What this task involves ▸
Print again, word for word, all of the records below, and leave the pictures out.

(Stored records)
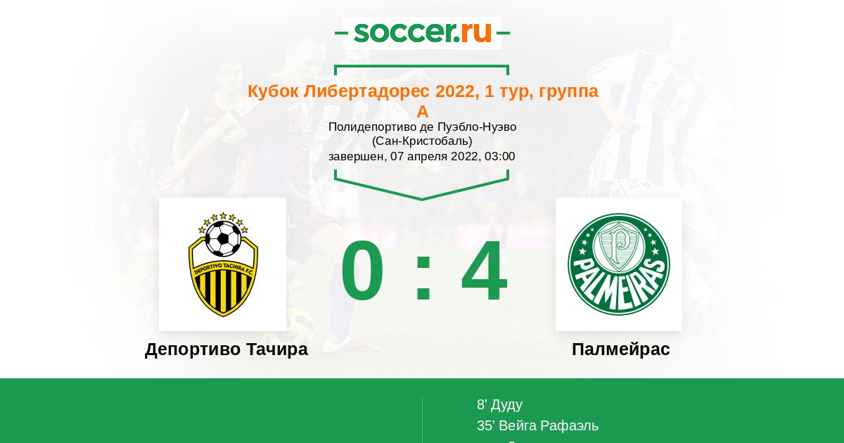 Протокол матча Депортиво Тачира против Палмейрас
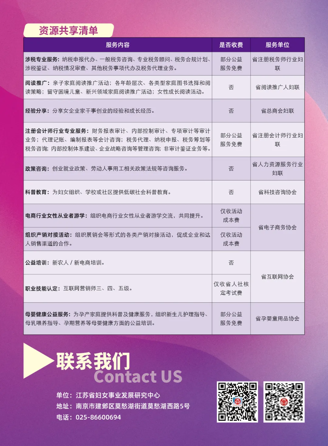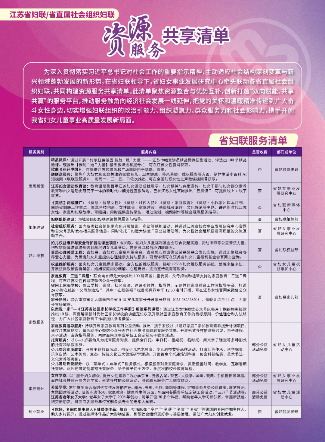为深入贯彻落实习近平总书记关于妇女事业和妇联工作的重要指示精神,认真落实全国妇联、省妇联关于进一步全面深化妇联改革的部署要求,主动适应社会结构深刻变革与新兴领域蓬勃发展的新形势,近日,在江苏省妇联的指导下,江苏省妇女事业发展研究中心牵头联动各省直属社会组织妇联,共同编制并发布《江苏省妇联/省直属社会组织妇联资源服务共享清单》(以下简称《清单》)。
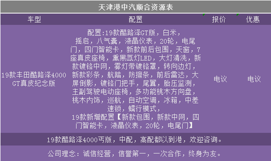 19款丰田酷路泽4000港口预售中,GT版顶配最新售价,陆巡V6全新评测优势PK同级,整车亮点解说中,高性能越野神车备受追捧。2019款酷路泽车系开启了丰田越野车王者的时代,六十多年的经验让丰田把酷路泽4000带给世界,它几乎就是这个世界最全能的越野车,不管是空间、通过性、还是可靠性都是无懈可击的。出游好时节,如果想选购一台SUV,这款车的性价比,会让您满意的。
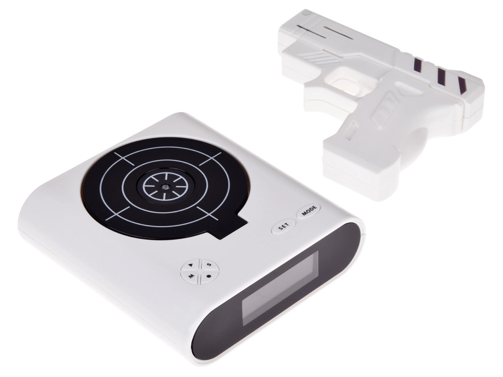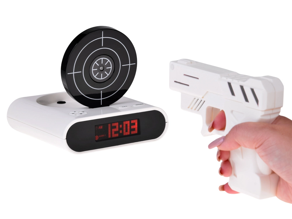 Polepšajte si jutranje vstajanje z izvirno budilko, ki jo utišate tako, da namerite v tarčo in pritisnete na sprožilec. Ta zabavna budilka ponuja streljanje v tarčo z infrardečo pištolo, možnost snemanja lastnega zvoka alarma in 2 igralna načina. Zahvaljujoč čitljivemu LCD‑zaslonu in napajanju z baterijami ali prek micro USB je idealna za spalnico, pisarno ali kot nenavadno darilo.
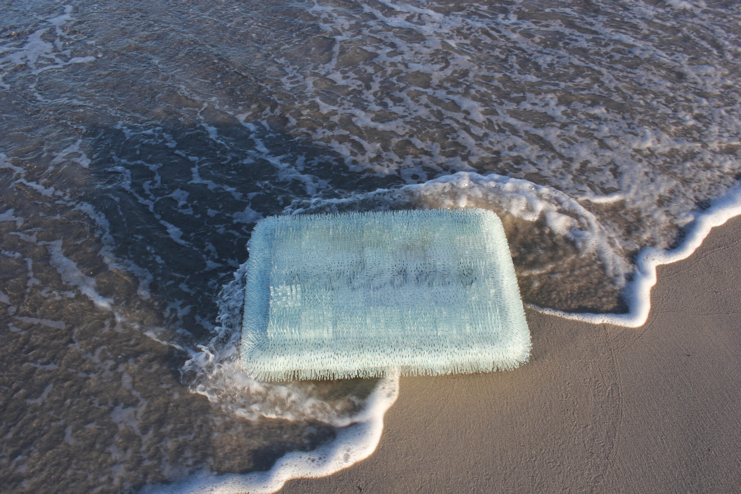 Das Glasobjekt „Schwelle“ ist eine Art Fußabtreter aus Glas mit der Inschrift „welcome“. Es besteht aus über 6200 geschnittenen und verklebten kleinen Glasstreifen. Die dazugehörige Videoinstallation zeigt das Objekt am Strand. Auf den ersten Blick vermittelt der „Fußabtreter“ durch seine Inschrift „welcome“ eine einladende Botschaft, die den Betrachter dazu einlädt, einen Raum bzw. einen Ort zu betreten. Doch die Wahl des Materials – Glas – bringt eine subtile Komplexität mit sich. Glas ist sowohl zerbrechlich als auch transparent, was symbolisch für die Fragilität von sozialen Beziehungen und die oft durchsichtigen, aber dennoch verletzlichen Strukturen innerhalb einer Gemeinschaft steht. In einer Zeit, in der gesellschaftliche Spannungen durch Themen wie Migration, Identität und Zugehörigkeit verstärkt werden, wird die Inschrift „welcome“ zu einem ambivalenten Statement. Sie fordert den Betrachter heraus, über die Bedeutung von Gastfreundschaft und Exklusion nachzudenken. Wer wird wirklich willkommen geheißen? Und unter welchen Bedingungen? Der „Fußabtreter“ fungiert somit als kritisches Kunstobjekt, welches seinem Zweck durch das spitze, verletzende und zerbrechliche Material enthoben wurde und dadurch die Widersprüche und Herausforderungen unserer Gesellschaft reflektiert. Die Transparenz des Glases kann auch als Metapher für die Offenheit und den Dialog zwischen verschiedenen Kulturen und Gemeinschaften interpretiert werden. Gleichzeitig birgt es die Gefahr des Zerbrechens, was die Fragilität von Frieden und Harmonie in einer pluralistischen Gesellschaft verdeutlicht. In diesem Sinne wird der „Fußabtreter“ zu einem Symbol für die Balance zwischen Einladung und Abgrenzung, zwischen Integration und Isolation. Die Präsentation des Objekts „Schwelle“ inmitten eines Raumes und im Video am Stand, enthebt den „Fußabtreter“ von seiner erdachten Funktion. Er wird somit zum nicht definierten Objekt und lässt weitere Assoziationen zu. Diese Uneindeutigkeit erweitert den Möglichkeitsraum für Gedanken und Diskussionen. Das Objekt „Schwelle“ lädt ein über die Art und Weise nachzudenken, wie wir als Gesellschaft miteinander umgehen und welche Werte wir hochhalten. Es ist ein Kunstobjekt, das sowohl zum Nachdenken als auch zur Diskussion über die Herausforderungen und Möglichkeiten einer inklusiven Gesellschaft einlädt.
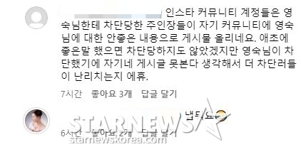 또 다른 팬은 "사람들이 착각하는게, 고소'했다'가 아니고 '들어가겠습니다'라고 썼던데.. 이건 아직 고소 안했단거 아시죠? 대형펌은 기업간의 일을 보통 다루지 이런 일개 명예훼손급도 아닌 지인뒷담화 몇번 한 자잘한 사건을 다루지도 않을뿐더러, 수임료가 몇백이 아닌 수천만원부터인데 반클립 짝퉁 쥬얼리에 찻잔세트 모두 짝퉁만 쓰는 옥순님이 수천만원을 내면서 고소를 하겠다...?ㅋ 못해요 걱정마요ㅋ 대신 본인 이름 알리고싶어서 옥순한테 무료로 해준다는 변호사는 있을수 있음"이라며 영숙을 두둔했고 다른 팬도 "인스타 커뮤니티 계정들은 영숙님한테 차단당한 주인장들이 자기 커뮤니티에 영숙님에 대한 안좋은 내용으로 게시물 올리네요. 애초에 좋은말 했으면 차단당하지도 않았겠지만 영숙님이 차단했기에 자기네 게시글 못본다 생각해서 더 차단러들이 난리치는지 에휴"라고 밝혔다.

Output for this task ▸
 Протокол матча Депортиво Тачира против Палмейрас
为深入贯彻落实习近平总书记关于妇女事业和妇联工作的重要指示精神,认真落实全国妇联、省妇联关于进一步全面深化妇联改革的部署要求,主动适应社会结构深刻变革与新兴领域蓬勃发展的新形势,近日,在江苏省妇联的指导下,江苏省妇女事业发展研究中心牵头联动各省直属社会组织妇联,共同编制并发布《江苏省妇联/省直属社会组织妇联资源服务共享清单》(以下简称《清单》)。
 19款丰田酷路泽4000港口预售中,GT版顶配最新售价,陆巡V6全新评测优势PK同级,整车亮点解说中,高性能越野神车备受追捧。2019款酷路泽车系开启了丰田越野车王者的时代,六十多年的经验让丰田把酷路泽4000带给世界,它几乎就是这个世界最全能的越野车,不管是空间、通过性、还是可靠性都是无懈可击的。出游好时节,如果想选购一台SUV,这款车的性价比,会让您满意的。
 Polepšajte si jutranje vstajanje z izvirno budilko, ki jo utišate tako, da namerite v tarčo in pritisnete na sprožilec. Ta zabavna budilka ponuja streljanje v tarčo z infrardečo pištolo, možnost snemanja lastnega zvoka alarma in 2 igralna načina. Zahvaljujoč čitljivemu LCD‑zaslonu in napajanju z baterijami ali prek micro USB je idealna za spalnico, pisarno ali kot nenavadno darilo.
 Das Glasobjekt „Schwelle“ ist eine Art Fußabtreter aus Glas mit der Inschrift „welcome“. Es besteht aus über 6200 geschnittenen und verklebten kleinen Glasstreifen. Die dazugehörige Videoinstallation zeigt das Objekt am Strand. Auf den ersten Blick vermittelt der „Fußabtreter“ durch seine Inschrift „welcome“ eine einladende Botschaft, die den Betrachter dazu einlädt, einen Raum bzw. einen Ort zu betreten. Doch die Wahl des Materials – Glas – bringt eine subtile Komplexität mit sich. Glas ist sowohl zerbrechlich als auch transparent, was symbolisch für die Fragilität von sozialen Beziehungen und die oft durchsichtigen, aber dennoch verletzlichen Strukturen innerhalb einer Gemeinschaft steht. In einer Zeit, in der gesellschaftliche Spannungen durch Themen wie Migration, Identität und Zugehörigkeit verstärkt werden, wird die Inschrift „welcome“ zu einem ambivalenten Statement. Sie fordert den Betrachter heraus, über die Bedeutung von Gastfreundschaft und Exklusion nachzudenken. Wer wird wirklich willkommen geheißen? Und unter welchen Bedingungen? Der „Fußabtreter“ fungiert somit als kritisches Kunstobjekt, welches seinem Zweck durch das spitze, verletzende und zerbrechliche Material enthoben wurde und dadurch die Widersprüche und Herausforderungen unserer Gesellschaft reflektiert. Die Transparenz des Glases kann auch als Metapher für die Offenheit und den Dialog zwischen verschiedenen Kulturen und Gemeinschaften interpretiert werden. Gleichzeitig birgt es die Gefahr des Zerbrechens, was die Fragilität von Frieden und Harmonie in einer pluralistischen Gesellschaft verdeutlicht. In diesem Sinne wird der „Fußabtreter“ zu einem Symbol für die Balance zwischen Einladung und Abgrenzung, zwischen Integration und Isolation. Die Präsentation des Objekts „Schwelle“ inmitten eines Raumes und im Video am Stand, enthebt den „Fußabtreter“ von seiner erdachten Funktion. Er wird somit zum nicht definierten Objekt und lässt weitere Assoziationen zu. Diese Uneindeutigkeit erweitert den Möglichkeitsraum für Gedanken und Diskussionen. Das Objekt „Schwelle“ lädt ein über die Art und Weise nachzudenken, wie wir als Gesellschaft miteinander umgehen und welche Werte wir hochhalten. Es ist ein Kunstobjekt, das sowohl zum Nachdenken als auch zur Diskussion über die Herausforderungen und Möglichkeiten einer inklusiven Gesellschaft einlädt.
 또 다른 팬은 "사람들이 착각하는게, 고소'했다'가 아니고 '들어가겠습니다'라고 썼던데.. 이건 아직 고소 안했단거 아시죠? 대형펌은 기업간의 일을 보통 다루지 이런 일개 명예훼손급도 아닌 지인뒷담화 몇번 한 자잘한 사건을 다루지도 않을뿐더러, 수임료가 몇백이 아닌 수천만원부터인데 반클립 짝퉁 쥬얼리에 찻잔세트 모두 짝퉁만 쓰는 옥순님이 수천만원을 내면서 고소를 하겠다...?ㅋ 못해요 걱정마요ㅋ 대신 본인 이름 알리고싶어서 옥순한테 무료로 해준다는 변호사는 있을수 있음"이라며 영숙을 두둔했고 다른 팬도 "인스타 커뮤니티 계정들은 영숙님한테 차단당한 주인장들이 자기 커뮤니티에 영숙님에 대한 안좋은 내용으로 게시물 올리네요. 애초에 좋은말 했으면 차단당하지도 않았겠지만 영숙님이 차단했기에 자기네 게시글 못본다 생각해서 더 차단러들이 난리치는지 에휴"라고 밝혔다.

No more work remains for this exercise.